### Recorded information
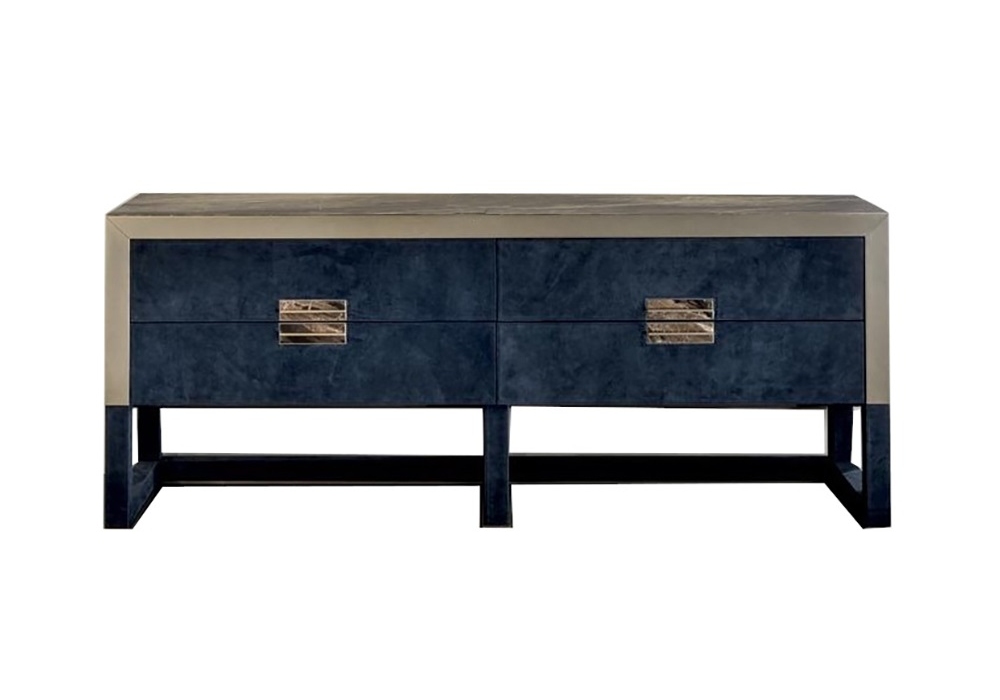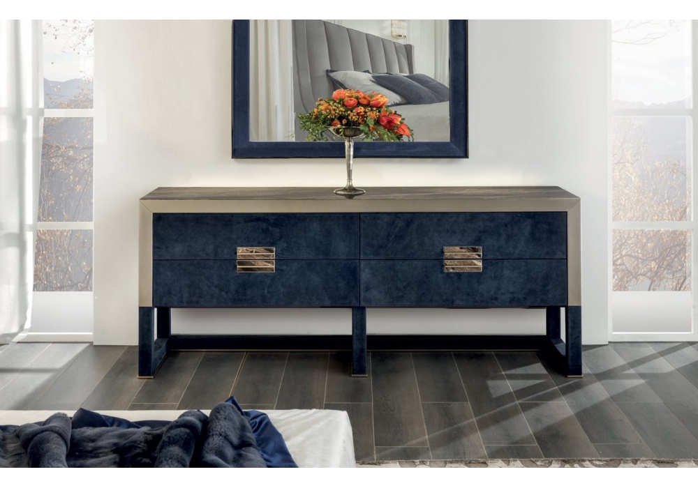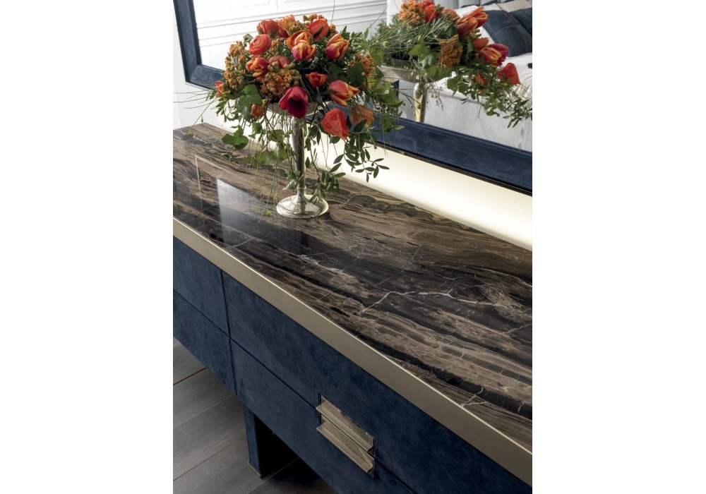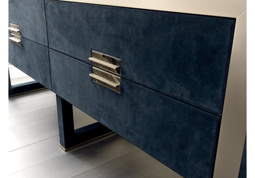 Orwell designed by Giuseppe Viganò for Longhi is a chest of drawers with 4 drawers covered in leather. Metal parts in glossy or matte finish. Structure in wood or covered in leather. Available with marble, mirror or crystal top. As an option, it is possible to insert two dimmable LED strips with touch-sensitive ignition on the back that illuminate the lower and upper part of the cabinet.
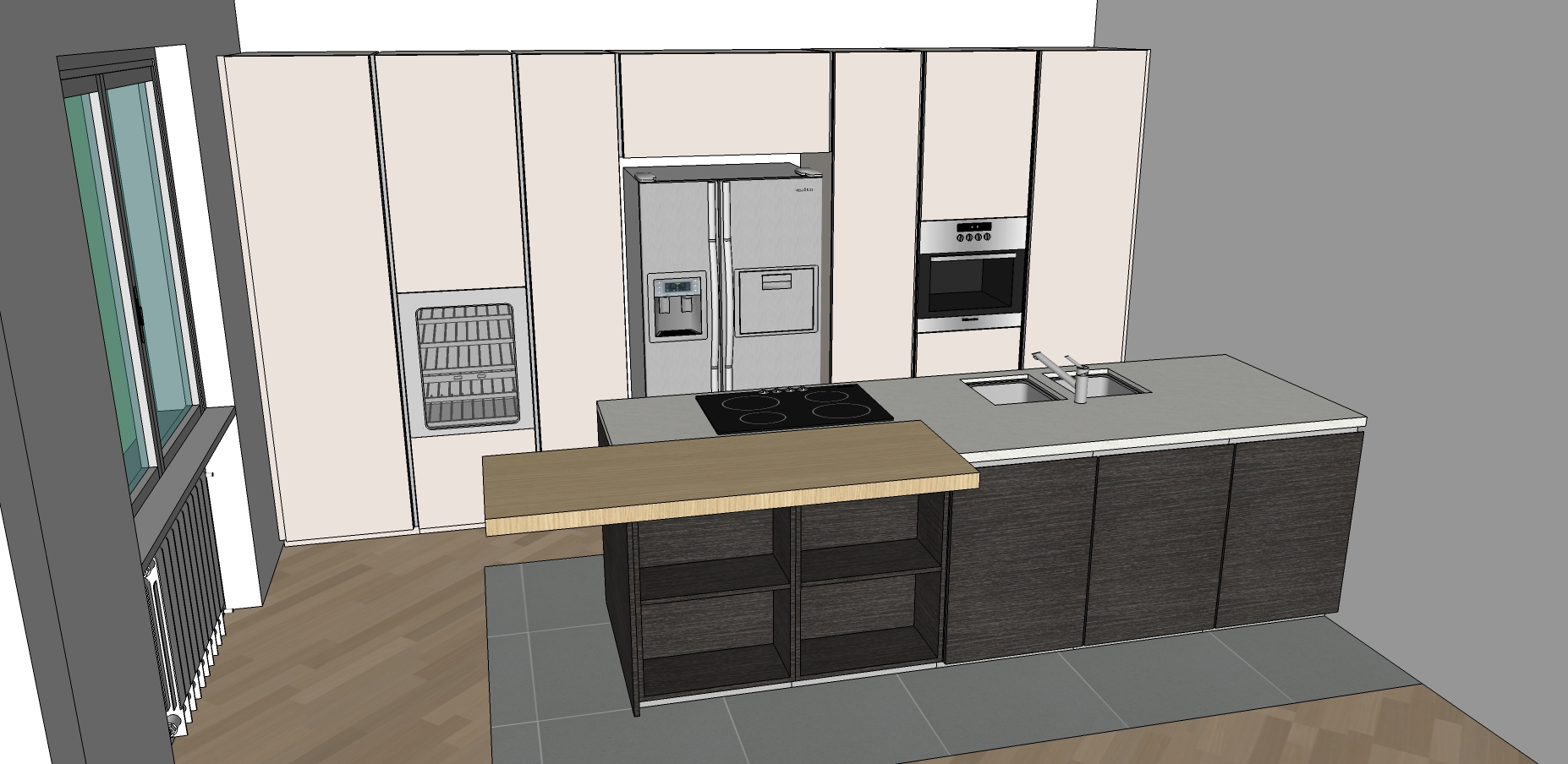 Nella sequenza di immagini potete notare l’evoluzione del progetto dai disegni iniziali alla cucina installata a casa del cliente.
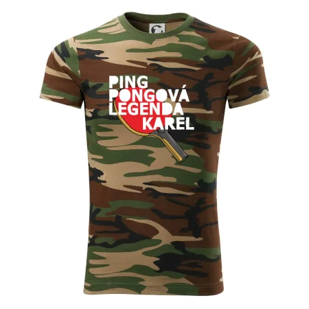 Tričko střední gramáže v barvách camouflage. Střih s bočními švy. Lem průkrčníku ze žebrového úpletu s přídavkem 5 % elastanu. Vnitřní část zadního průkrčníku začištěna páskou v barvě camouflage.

### Problem requirements
In the listing above, retype exactly, and only, the lines from the one containing "Nella sequenza di" through the last line, both included. Omit the pictures.

### Result of the exercise
 Nella sequenza di immagini potete notare l’evoluzione del progetto dai disegni iniziali alla cucina installata a casa del cliente.
 Tričko střední gramáže v barvách camouflage. Střih s bočními švy. Lem průkrčníku ze žebrového úpletu s přídavkem 5 % elastanu. Vnitřní část zadního průkrčníku začištěna páskou v barvě camouflage.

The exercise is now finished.